PCRI is proud to welcome John Anderson to our Board of Directors. His experience will be invaluable to our leadership team as he helps to advance our mission.
John Anderson is a retired business executive and prostate cancer survivor. He graduated from Miami University in 1967, served as an officer in the U.S. Air Force during the Vietnam era, and earned a Master’s Degree in Business Administration from the University of Southern California in 1974. He served in various finance and banking positions in the Los Angeles and San Francisco areas before settling into a career in the multi-family housing business where he was Senior Vice President of Asset Management at Everest Properties in Pasadena, California. He retired from that position at the end of 2014.
He was diagnosed with high-risk prostate cancer in June of 2004. There was relatively little information available at the time regarding prostate cancer treatment options. After extensive research and travel to prostate cancer treatment specialists he found his way to an oncologist. He began a two-year treatment cycle of hormone blockade, radiation and chemotherapy that has resulted in no surgery and a low and stable PSA.

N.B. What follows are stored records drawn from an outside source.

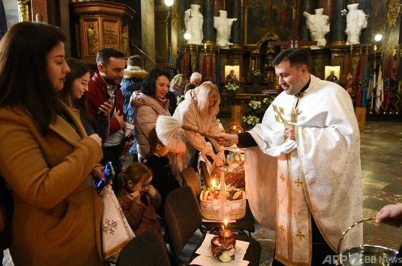 ニュース ライフ ウクライナ危機 ウクライナ各地で復活祭 兵士や住民が祈り 2022年4月25日 15:16 発信地:キーウ/ウクライナ [ ウクライナ ロシア・CIS ] このニュースをシェア ‹ › ❮ 26/31 ❯ ウクライナ西部リビウでイースター(復活祭)を祝い、信者に祝福を授ける東方正教会の司祭(2022年4月23日撮影)。(c)Yuriy Dyachyshyn / AFP 画像作成中 ! 【4月25日 AFP】ウクライナは24日、キリスト教東方正教会のイースター(Easter、復活祭)を迎えた。各地で復活祭を祝う行事が行われ、地元住民や兵士が参列して祈りをささげた。 東部リマン(Lyman)では遠くから砲撃音が聞こえる中、教会に集まった市民が司祭から祝福を受けた。(c)AFP 特集:ウクライナ危機 ロシアがウクライナに侵攻、世界は東西冷戦終結後最大の危機に直面している。 ライフ 一覧へ> メディア・報道関係・法人の方向け 写真・動画 購入のお問合せ>
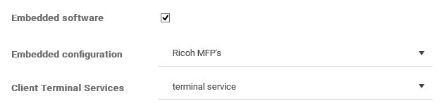 An YSoft SAFEQ Cloud output port configured with Embedded checked (and valid license) for each device in Equitrac
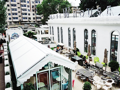 +富豪灰方管曲臂篷

Thoughts from Mr. Anderson
When I was diagnosed with high-risk prostate cancer I immediately commenced the big research project to learn about my disease. Prostate cancer had taken my father’s life in 1974 when information was nearly non-existent and treatments were primitive by comparison to today’s protocols. Even in 2004, when I was diagnosed, it took some digging to understand my disease. The internet was just beginning to take off and relatively little information was online at the time. Over a few months I was able to compile a framework of understanding through information found online, books about the disease, and online chat rooms that offered support.

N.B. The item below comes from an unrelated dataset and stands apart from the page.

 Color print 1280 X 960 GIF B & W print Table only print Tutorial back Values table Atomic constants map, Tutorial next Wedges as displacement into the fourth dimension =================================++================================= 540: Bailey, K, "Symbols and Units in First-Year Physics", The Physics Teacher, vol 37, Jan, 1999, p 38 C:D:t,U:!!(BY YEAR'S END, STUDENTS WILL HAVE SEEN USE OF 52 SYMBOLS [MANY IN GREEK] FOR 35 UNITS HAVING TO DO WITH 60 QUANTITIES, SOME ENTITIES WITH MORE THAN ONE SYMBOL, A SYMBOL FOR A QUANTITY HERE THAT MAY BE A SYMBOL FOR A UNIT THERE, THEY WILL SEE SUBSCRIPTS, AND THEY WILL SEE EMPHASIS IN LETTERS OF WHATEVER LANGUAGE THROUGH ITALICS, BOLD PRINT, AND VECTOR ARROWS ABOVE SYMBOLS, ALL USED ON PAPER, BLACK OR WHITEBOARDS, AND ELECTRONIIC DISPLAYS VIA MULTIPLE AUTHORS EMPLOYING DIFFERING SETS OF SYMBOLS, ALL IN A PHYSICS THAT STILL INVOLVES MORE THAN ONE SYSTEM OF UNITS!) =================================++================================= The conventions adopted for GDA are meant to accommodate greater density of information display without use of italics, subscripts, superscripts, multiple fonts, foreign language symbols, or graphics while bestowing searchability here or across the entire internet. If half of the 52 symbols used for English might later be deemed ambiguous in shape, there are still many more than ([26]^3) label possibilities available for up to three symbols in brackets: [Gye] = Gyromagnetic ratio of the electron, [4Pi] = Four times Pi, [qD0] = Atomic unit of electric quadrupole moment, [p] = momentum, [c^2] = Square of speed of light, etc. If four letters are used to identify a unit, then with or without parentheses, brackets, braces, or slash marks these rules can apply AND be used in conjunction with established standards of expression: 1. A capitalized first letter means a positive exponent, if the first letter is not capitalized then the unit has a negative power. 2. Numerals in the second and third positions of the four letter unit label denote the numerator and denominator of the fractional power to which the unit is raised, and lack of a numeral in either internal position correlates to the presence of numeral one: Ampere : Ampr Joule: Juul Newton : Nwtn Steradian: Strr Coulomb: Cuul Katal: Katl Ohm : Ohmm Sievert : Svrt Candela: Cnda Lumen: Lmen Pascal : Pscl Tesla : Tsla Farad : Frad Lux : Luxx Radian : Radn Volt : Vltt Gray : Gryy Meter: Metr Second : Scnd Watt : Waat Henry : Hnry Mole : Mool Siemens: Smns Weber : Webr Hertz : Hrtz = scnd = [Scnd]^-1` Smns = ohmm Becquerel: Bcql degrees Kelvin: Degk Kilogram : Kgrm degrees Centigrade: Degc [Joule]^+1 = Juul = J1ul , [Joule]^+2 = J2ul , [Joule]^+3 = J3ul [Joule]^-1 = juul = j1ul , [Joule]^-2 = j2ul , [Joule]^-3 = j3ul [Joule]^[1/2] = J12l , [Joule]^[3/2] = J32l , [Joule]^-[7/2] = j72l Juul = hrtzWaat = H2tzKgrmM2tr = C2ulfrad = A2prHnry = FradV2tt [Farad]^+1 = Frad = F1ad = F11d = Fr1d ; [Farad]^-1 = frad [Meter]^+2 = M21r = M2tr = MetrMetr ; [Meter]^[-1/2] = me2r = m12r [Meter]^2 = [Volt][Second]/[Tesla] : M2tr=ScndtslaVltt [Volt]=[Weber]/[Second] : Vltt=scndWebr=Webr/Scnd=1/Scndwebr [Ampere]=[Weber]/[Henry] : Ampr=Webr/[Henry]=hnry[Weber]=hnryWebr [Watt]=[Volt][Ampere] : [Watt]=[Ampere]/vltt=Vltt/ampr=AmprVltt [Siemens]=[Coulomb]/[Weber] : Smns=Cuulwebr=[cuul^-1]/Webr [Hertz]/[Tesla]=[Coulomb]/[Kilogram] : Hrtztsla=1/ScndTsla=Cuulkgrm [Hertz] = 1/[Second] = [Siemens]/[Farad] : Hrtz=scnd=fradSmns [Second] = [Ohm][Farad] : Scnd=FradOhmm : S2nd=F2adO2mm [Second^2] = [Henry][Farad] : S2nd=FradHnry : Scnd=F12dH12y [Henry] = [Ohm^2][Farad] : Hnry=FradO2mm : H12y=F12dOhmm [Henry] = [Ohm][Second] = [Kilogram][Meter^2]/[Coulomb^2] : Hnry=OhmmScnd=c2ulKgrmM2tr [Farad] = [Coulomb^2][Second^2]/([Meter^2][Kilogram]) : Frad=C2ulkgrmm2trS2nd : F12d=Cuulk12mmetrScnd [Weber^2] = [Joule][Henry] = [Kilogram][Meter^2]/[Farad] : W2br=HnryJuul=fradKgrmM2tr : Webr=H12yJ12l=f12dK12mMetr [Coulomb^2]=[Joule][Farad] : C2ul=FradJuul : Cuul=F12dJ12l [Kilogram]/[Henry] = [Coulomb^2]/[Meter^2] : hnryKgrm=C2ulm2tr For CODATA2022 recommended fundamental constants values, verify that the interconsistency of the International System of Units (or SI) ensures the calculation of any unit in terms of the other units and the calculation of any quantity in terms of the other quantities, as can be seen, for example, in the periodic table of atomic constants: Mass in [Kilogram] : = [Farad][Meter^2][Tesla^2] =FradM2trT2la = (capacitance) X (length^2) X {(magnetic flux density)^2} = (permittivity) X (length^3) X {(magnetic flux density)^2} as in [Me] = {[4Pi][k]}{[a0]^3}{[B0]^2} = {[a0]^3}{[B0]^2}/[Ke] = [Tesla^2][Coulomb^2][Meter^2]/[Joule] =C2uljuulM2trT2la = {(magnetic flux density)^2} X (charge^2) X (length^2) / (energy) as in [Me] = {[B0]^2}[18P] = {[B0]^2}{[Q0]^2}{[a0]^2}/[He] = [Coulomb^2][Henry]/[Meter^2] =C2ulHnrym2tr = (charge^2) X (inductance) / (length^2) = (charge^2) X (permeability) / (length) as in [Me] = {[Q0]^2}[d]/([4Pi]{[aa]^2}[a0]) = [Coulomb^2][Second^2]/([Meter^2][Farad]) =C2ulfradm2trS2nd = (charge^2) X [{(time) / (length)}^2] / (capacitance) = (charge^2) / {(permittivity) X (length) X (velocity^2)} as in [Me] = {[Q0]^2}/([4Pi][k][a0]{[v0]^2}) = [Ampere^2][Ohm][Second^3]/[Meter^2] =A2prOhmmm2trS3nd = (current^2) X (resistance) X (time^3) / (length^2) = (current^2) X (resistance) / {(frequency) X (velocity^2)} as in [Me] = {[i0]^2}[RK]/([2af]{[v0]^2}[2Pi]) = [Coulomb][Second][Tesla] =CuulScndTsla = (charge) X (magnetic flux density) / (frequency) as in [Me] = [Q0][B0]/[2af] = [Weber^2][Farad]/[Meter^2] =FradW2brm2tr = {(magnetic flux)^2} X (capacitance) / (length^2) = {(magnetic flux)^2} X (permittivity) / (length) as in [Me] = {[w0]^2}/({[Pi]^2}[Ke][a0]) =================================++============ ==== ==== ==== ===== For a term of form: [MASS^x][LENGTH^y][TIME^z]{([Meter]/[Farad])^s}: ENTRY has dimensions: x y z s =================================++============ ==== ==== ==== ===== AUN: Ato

I spent several months going through this process, interviewing skilled medical professionals who treated prostate cancer. By the time I was done I well understood the risks and side effects of the various treatment protocols of the day. Our oncologist suggested a combination of non-invasive modern therapies that made sense to me. I began a two-year treatment plan with my oncologist that has resulted in a low, stable PSA with little in the way of side effects, and a very high quality of life. Fourteen years after my initial diagnosis, at age 70, I still ski, bike, travel, and enjoy a wonderful family life.
The PCRI is now providing patients with the type and quality of information that I wish I could have found when I was newly diagnosed. Men and their loved ones need to understand that there are multiple treatment options and that there are serious side effect risks from invasive procedures. In joining the Board, my goal is to help PCRI expand its education and patient empowerment in prostate cancer so that patients around the world can find, modern, current information on state-of-the-art advanced diagnostic tools and treatment options in one place.